Supporters, critics weigh in on red-light camera report
After the Florida Department of Highway Safety and Motor Vehicles reported that accidents were down at intersections with red-light cameras, the Florida League of Cities and State Rep. Daphne Cambell, D-Miami, offered their opposing views.
The report emphasizes that traffic accidents are down at intersections with red lights. But it also states that crashes have decreased overall.
The study does not detail the extent to which accidents have decreased at intersections with or without the red-light cameras.
Here is the statement from the League of Cities.
“Providing cities with the tools they need to keep residents safe is the Florida League of Cities’ No. 1 priority, and this technology has been proven to help authorities punish lawbreakers, reduce dangerous T-bone crashes and change the behavior of those drivers who selfishly choose to run red lights.
“Due to budget constraints and unfunded mandates, local governments commonly have limited law enforcement resources, and photo enforcement helps stretch those resources. Paired with traditional law enforcement techniques, red light safety camera technology makes Florida’s streets safer for drivers, bikers and pedestrians.
“While the data in this report suggests a significant positive effect on traffic safety, the Florida League of Cities believes the government closest to the people governs best, and nobody knows a city better than its residents. Some municipalities have determined that red light running is not a problem in their community and have chosen not to install traffic infraction detectors. Other cities, after holding public hearings and listening to concerned citizens, have determined that red light safety cameras will make their streets safer.

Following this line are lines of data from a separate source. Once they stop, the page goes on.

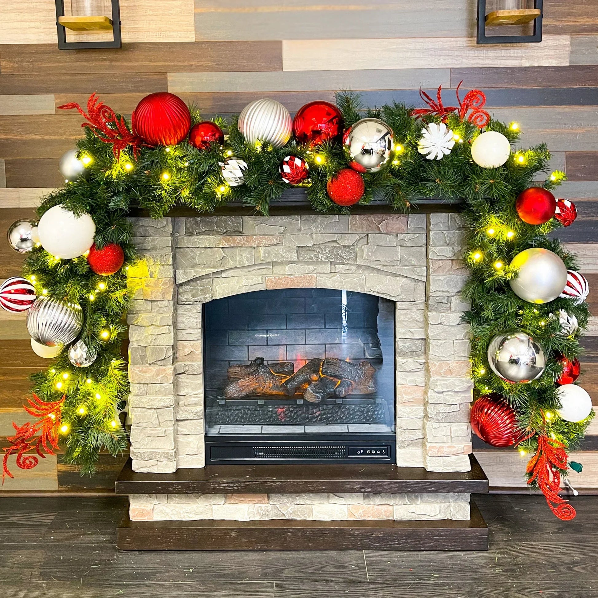 Create a magical ambiance with our Pre-decorated Garland. Its red, silver, and white ornaments are intricately arranged along the garland, and the twinkling LED lights add a mesmerizing glow. This ready-to-use garland saves you time and effort while adding a festive touch to your home decor.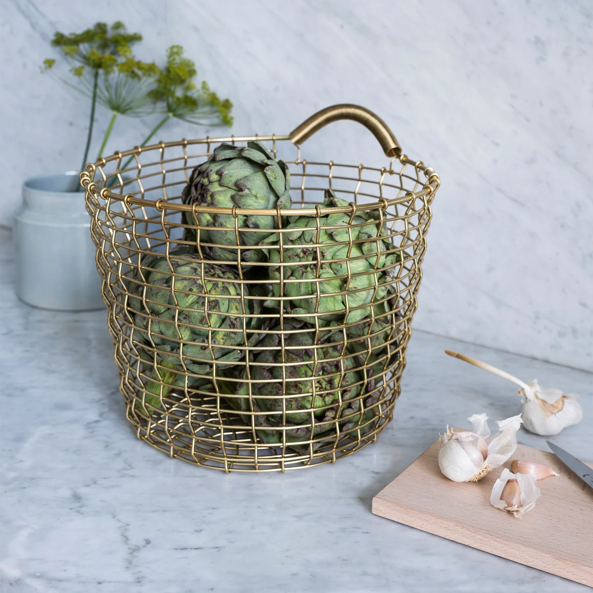 Die Körbe aus solidem Kupfer- oder Messingdraht hergestellt, erhalten über die Zeit - je nach Einsatzbereich, ausgesetzter Feuchtigkeit und anderen Einflüssen, eine individuelle Patina.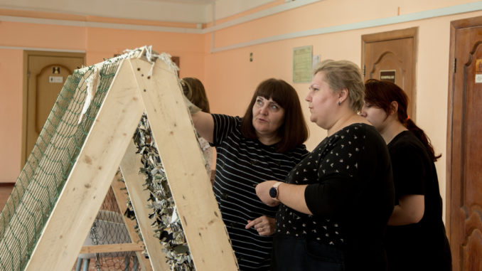 В Ноябрьске добровольцы школы № 12 организовали мастерскую по плетению маскировочных сетей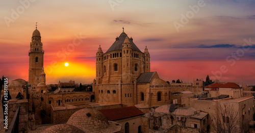 Fototapeta premium Panoramic View of King David's Tomb in the Old City. Colorful Sunset Artistic...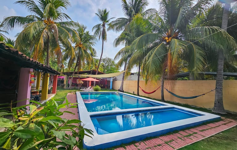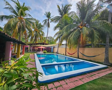 Entre palmeras y brisa marina se encuentra este encantador rancho de playa, un rincón perfecto para desconectarte del ruido y disfrutar la calma del Pacífico salvadoreño. Con una refrescante piscina rodeada de hamacas, jardines y el sonido del mar de fondo, aquí cada momento se convierte en una experiencia de descanso y alegría.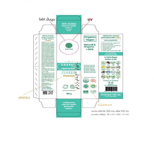 เอมไทย ยาสีฟัน ออร์แกนิค แอคทีฟ สูตรคลาสสิค - พรีเมี่ยม เป็นยาสีฟันใช้สำหรับแปรงฟันเพื่อให้สุขภาพเหงือกและฟันที่ดี ฟันสะอาดอย่างอ่อนโยนด้วยสารสกัดสมุนไพร 16 ชนิด , NATUAL& ORGANIC >95%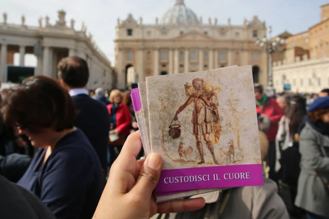 "Por eso, en este primer domingo, he pensado en regalarles a ustedes que están aquí en plaza, un pequeño libro de bolsillo titulado 'Custodia el corazón'".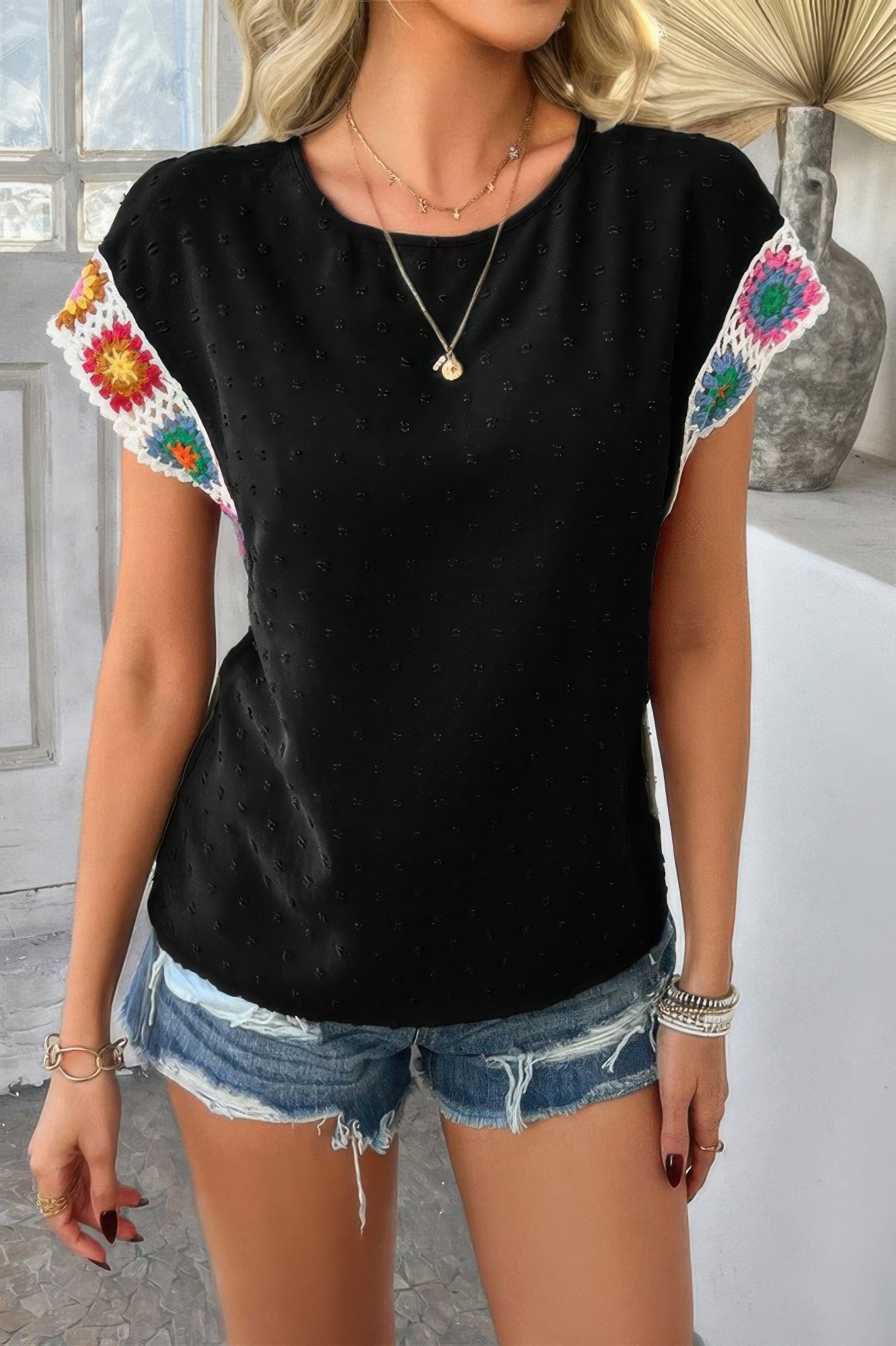 Swiss Dot Crochet Patchwork Short Sleeves Shirt

“The findings of the recent study reinforce what many cities already know and truly believe – red light safety cameras do save lives. However, Florida's 410 cities are all uniquely different – what works in Miami may not work in Sopchoppy and vice versa. As we approach the 2013 legislative session, the Florida League of Cities will continue to advocate for legislation that protects cities’ home rule power to decide what is best for the residents of its community.“
The study, based on a survey of the 73 local governments in Florida with active camera programs, found that the number of total crashes, angle-crashes and rear-end crashes all decreased from July 1, 2011, through June 30, 2012. A total of 44 percent of community police departments saw a reduction in side-impact crashes, 41 percent experienced a reduction in rear-end crashes, and 56 percent reported a total reduction in crashes at red-light camera intersections. In a state that ranked the third most deadliest in the nation for traffic related fatalities in 2010, the decrease in crashes adds up to saved lives and costs.
Here is the statement from Campbell.
State Representative Daphne Campbell (D) Ranking Member of Local & Federal Affairs Committee, out of frustration over the number of complaints she has received from constituents concerning the red light cameras, filed House Bill 91 calling for the removal of the traffic infraction detectors.

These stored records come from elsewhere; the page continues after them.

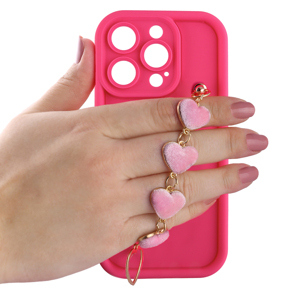 VOLTE-TEL ΘΗΚΗ IPHONE 14 PRO MAX 6.7" SILICON TPU WITH STRAP FULL CAMERA PROTECTION PINK WITH PINK HEARTS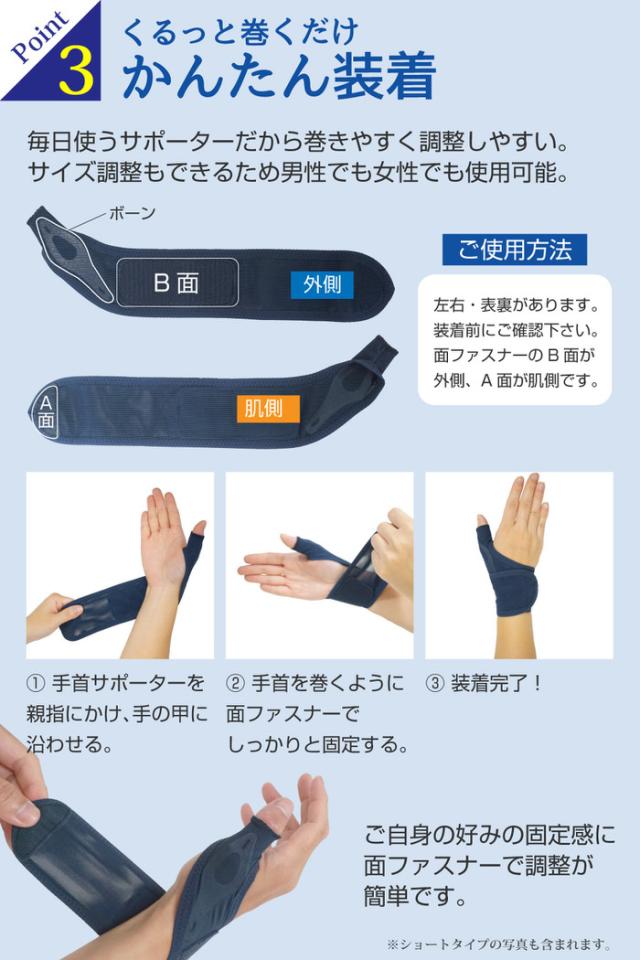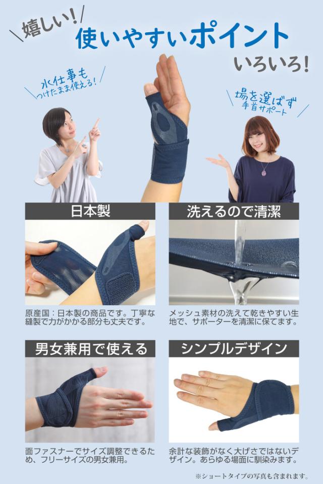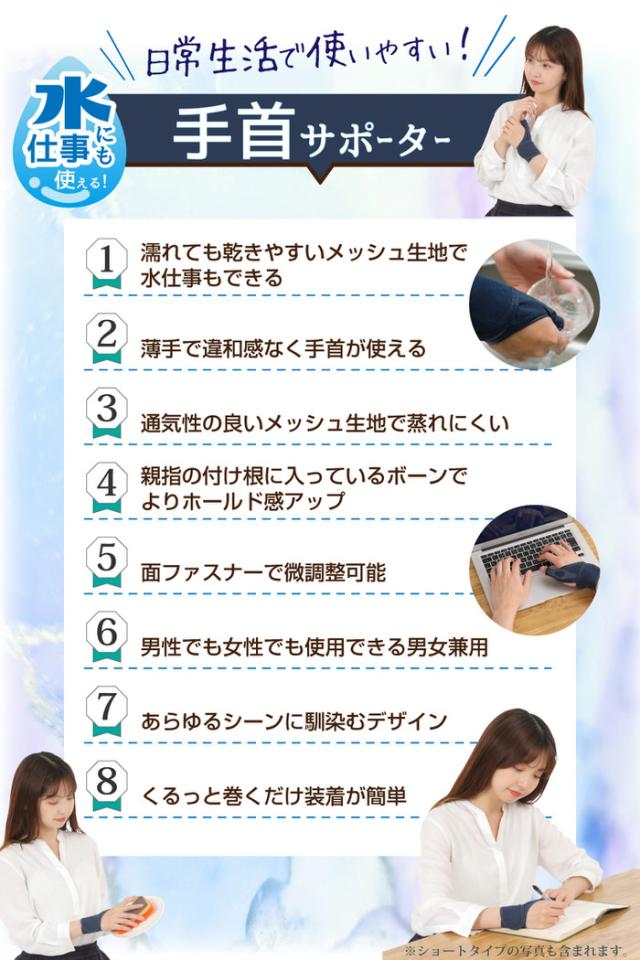 - つけたまま手を洗えると書いてあるが、手を拭いてすぐ乾くわけではないので外して手洗いしてます。 洗濯したあとは乾きが早いです。 ロングで思ったより長かったので、ショートも追加で購入しました。 程よいサポ...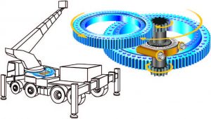 这种开式装配非常方便,上下圆弧滚道的承载角都为90°,能承受很大的轴向力和倾翻力矩。当径向力大于0.1倍的轴向力时滚道须特殊设计。双排球式回转支承的轴向、径向尺寸都比较大,结构坚固,特别适用于要求中等以上直径的塔式起重机、汽车起重机等装卸机械上。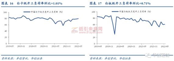 白卡紙開工負荷率逐漸恢復到正常水平,白板紙復工仍存問題。5月疫情漸好,下游白卡紙消費量有望回升,相應5月白卡紙開工率提升1.01個百分點,基本維持4月的上漲趨勢。白卡紙生產走向正?;?,5月白卡紙產量同比增加38.82%。5月白板紙開工率略有回調,上漲0.71個百分點,但生產仍處于低迷狀態。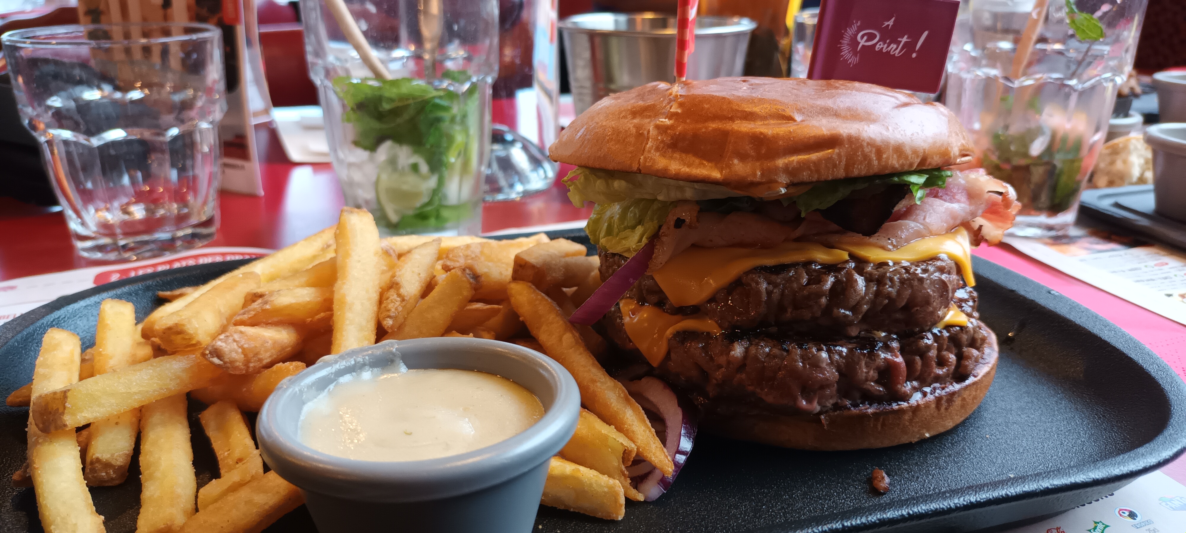 Nous sommes un peu déçu : Attente trop longue , Cuisson des Viandes pas respecté , bacon pas cuit . Accueil limite , impression de gêné, Obligé d'aller chercher l'eau soit même. Je pensse qu'ils manque de personnel (dure à trouver)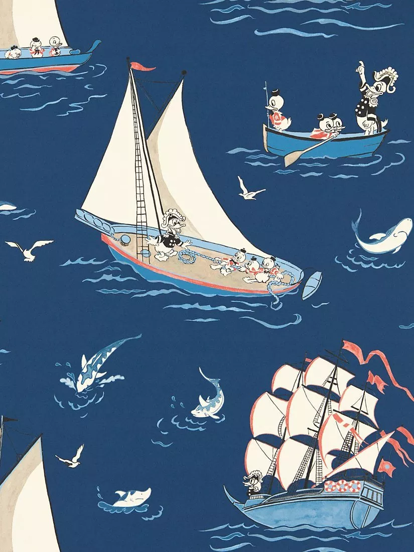 Disney`s Donald Duck is joined by nephews Huey Dewey and Louie Duck as they voyage across the seven seas. Created from original Disney style guides and animation stills, hand-painted rowing boats yachts and galleons are flanked by sharks and seagulls in this delightful nautical design.

Representative Campbell stated when our senior citizens receive a ticket in the mail, they have to decide whether to pay that ticket or pay for their medication(s) that they really need. If they do not pay for the ticket(s), their license may be suspended. Many of these senior citizens do not have anyone to take them to a doctor's appointment or to pick-up their medication(s). Having their license suspended would cause a bigger problem for them. However the cost of these tickets could be from $158 to over $200 and increase as long as the ticket is not paid.
The traffic infraction detectors were created after a tragic red light running accident in 2003. The red light camera companies exploit victims to push Florida laws to gain millions. People are presumed guilty by the picture of the camera. The corporations are the ones making the money. The municipalities were sold the idea that they would make money on the cameras and the cameras would support the police officers. But, you cannot cross examine in court a malfunction computer.
The police departments have learned the cameras add to their workload and decreased the so called revenue. Representative Campbell stated some areas of the police department we just cannot delete.
Representative Campbell agrees that some counties may have a financial shortfall, but feels we should not balance our budget on the backs of those who can least afford it on our senior citizens or those with low income. We, the elected officials, are aware of the financial shortfalls, but we must remember the people who elected us.
Representative Campbell stated those who can afford it are paying for the ticket then hiring an attorney to go to court to beat the ticket. These rulings could affect tens of thousands of dollars of traffic citations. Representative Campbell stated she is not working against attorneys but is merely pointing out that some attorneys advertise "You can beat a red light ticket in Florida". Why have it legal for some and not for others?